If current market conditions persist and projections about short- and medium-term decreases in farm revenues transpire, it’s not unlikely that there would be an uptick in both the quantity and amounts of operational loans. This is especially the case because the U.S. agricultural sector has observed several consecutive years of lower or flat net farm incomes, which has placed pressure on farms’ short-run liquidity and access to cash. Concurrently, lower prices and decreased revenues could also result in higher default rates on existing loans. This, too, can result in agricultural lending institutions increasing collateral and interest requirements for new loans as a means to reduce their exposure to default risk.

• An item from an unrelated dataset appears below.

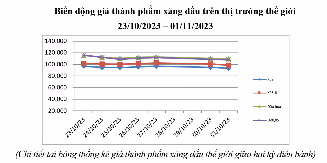 Theo thông tin từ Bộ Công Thương, thị trường xăng dầu thế giới kỳ điều hành lần này (từ ngày 23/10/2023 - 1/11/2023) chịu ảnh hưởng của các yếu tố như: Khả năng gián đoạn nguồn cung từ cuộc xung đột ở Trung Đông không cao và việc tăng sản lượng từ Mỹ và OPEC khiến giá xăng dầu từ ngày 23/10 đến 1/11 có biến động tăng giảm đan xen.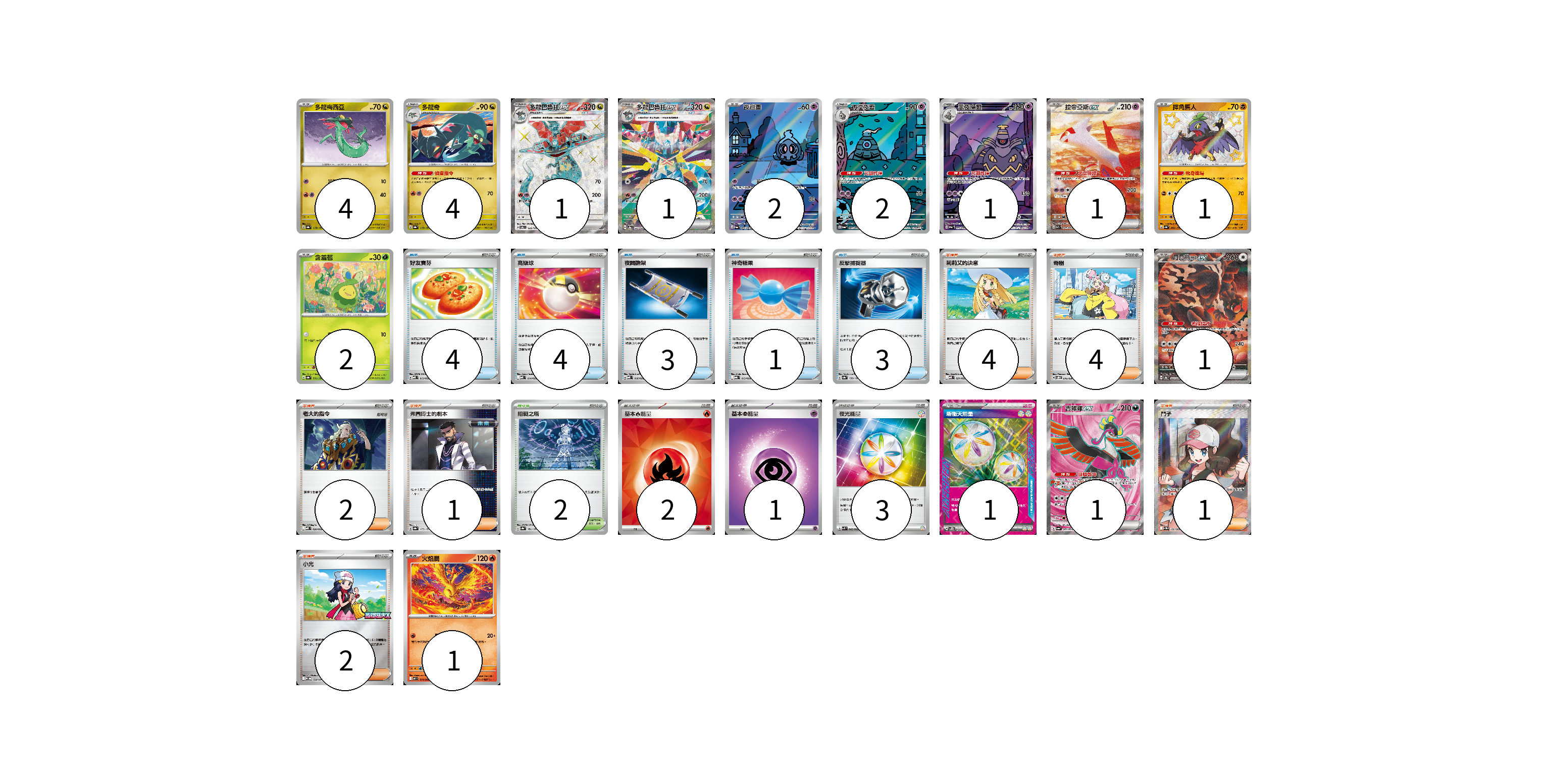 牌組構築方案 以此牌組為基礎新構築牌組 顯示卡面 顯示列表 寶可夢卡(22) 4 4 1 1 2 2 1 1 1 2 1 1 1 物品卡(15) 4 4 3 1 3 支援者卡(14) 4 4 2 1 1 2 競技場卡(2) 2 能量卡(7) 2 1 3 1 寶可夢卡(22) 卡牌名稱 張數 卡牌名稱 張數 多龍梅西亞 SV8a 118/187 04 多龍奇 SV8a 119/187 04 多龍巴魯托ex SV6 120/101 01 多龍巴魯托ex SV8a 221/187 01 夜巡靈 SV6a 068/064 02 彷徨夜靈 SV6a 069/064 02 黑夜魔靈 SV6a 070/064 01 拉帝亞斯ex SV7a 087/064 01 摔角鷹人 SV4a 282/190 01 含羞苞 SV8a 001/187 02 月月熊 赫月ex SV8a 225/187 01 吉雉雞ex SV6a 081/064 01 火焰鳥 M2 014/080 01 物品卡(15) 卡牌名稱 張數 卡牌名稱 張數 好友寶芬 MBD 013/022 04 高級球 MBD 014/022 04 夜間擔架 MBD 016/022 03 神奇糖果 MBG 013/022 01 反擊捕捉器 SV8a 139/187 03 支援者卡(14) 卡牌名稱 張數 卡牌名稱 張數 莉莉艾的決意 MBD 021/022 04 奇樹 SVOD 016/020 04 老大的指令 MBD 020/022 02 弗圖博士的劇本 SV8a 175/187 01 鬥子 SV11W 166/086 01 小光 M-P 028/M-P 02 競技場卡(2) 卡牌名稱 張數 卡牌名稱 張數 阻礙之塔 SV8a 181/187 02 能量卡(7) 卡牌名稱 張數 卡牌名稱 張數 基本【火】能量 SVQL FIR 02 基本【超】能量 MBD PSY 01 夜光能量 SVK 042/042 03 新衝天能量 SV5K 071/071 01 以此牌組為基礎新構築牌組 牌組編碼 QzApdX-CriVIi-dPBiiG copy 列印牌組單 牌組編碼已複製 分享至SNS

A second, perhaps less obvious avenue through which interest rates can increase is the flocking of investors from a more uncertain and volatile stock market and into the bond market. The possibility of even larger tariffs and simply the uncertainty about the impacts of continued trade disputes on global markets has already prompted investors to pull funds out of stocks and place them into a lower-risk investment, government bonds. As short-term U.S. Treasury bond yields decrease (as a result of higher investment), their interest rates grow. Typically, financial institutions closely follow these trends and adjust their interest rates accordingly. These adjustments could place additional pressures and exacerbate the interest rate increases that agricultural businesses face.
Why do higher interest rates matter? They represent additional farm business costs. Consider the classic profit equation: Profit = Revenues – Costs. The lower market prices and studies (described above) that show lower production are primarily showing downward pressures on the Revenue part of the profit equation. That’s bad enough. But the increased interest rates and higher interest expenditures represent higher accounting (current) and opportunity (future) costs, which could occur concurrently with the decreasing revenues. This could especially spell trouble for farm businesses who have variable interest rate loans, which were taken out during a period of relative interest rate stability.
While I am fully aware that a post like this is a great example of why Thomas Carlyle called economics a “dismal science,” I’ll close on two positive notes. First, many farm households own both farm (e.g., land) and non-farm assets (e.g., retirement investments) that would appreciate in value as a result of rising interest rates. Second, within a broader time perspective, interest rates are still at historically-low levels.